But back to the task at hand. Most good fishermen after they have filletted their catch, take a look at what it had been eating. Tucked along the fish’s belly right behind its chin is a cavity containing the animal’s visceral organs – among them its liver, gonads, and digestive tract. The stomach is easily identified as a muscular pouch which often is bulging with the creature’s last meal. Opening it can be revealing. Sometimes its emptiness gives a hint that the creature was hungry enough to take a chance on an iffy looking meal. But since striped bass are notoriously unpicky eaters their stomach contents are often more interesting. Sadly, an occasional plastic straw or tampon applicator comes tumbling out but more typically the stomach contains all sorts of prey fish like menhaden, silversides and herring, as well as crabs, shrimp, mussels, baby lobsters and squid. The more curious fishermen take a closer look and make sure their next lure bears some resemblance to what the fish have been feeding on that day.

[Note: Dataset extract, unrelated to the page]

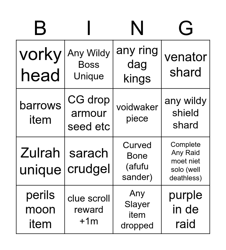 This bingo card has 16 words: clue scroll reward +1m, Complete Any Raid moet niet solo (well deathless), any ring dag kings, vorky head, Zulrah unique, Any Wildy Boss Unique, Curved Bone (afufu sander), Any Slayer item dropped, barrows item, CG drop armour seed etc, perils moon item, venator shard, sarach crudgel, any wildy shield shard, voidwaker piece and purple in de raid.

Tucked neatly into the same cavity as the fish’s stomach are its gonads. Since female bass are larger than males of the same age, most keepers are female and the one that fell for that blue and white piece of plastic was no exception. Just inside her belly two glistening golden, structures bulged with next springs eggs. Most fishermen feel a twinge of remorse on looking at all these future trophies – leading many to advocate for what is called a “split” size limit – restricting keeper bass to those between, say, 24 and 30 inches. This would allow more wise old “cows” to lay their huge clutches of millions upon millions of eggs, making for more young fish per clutch and possibly selecting for more challenging ones.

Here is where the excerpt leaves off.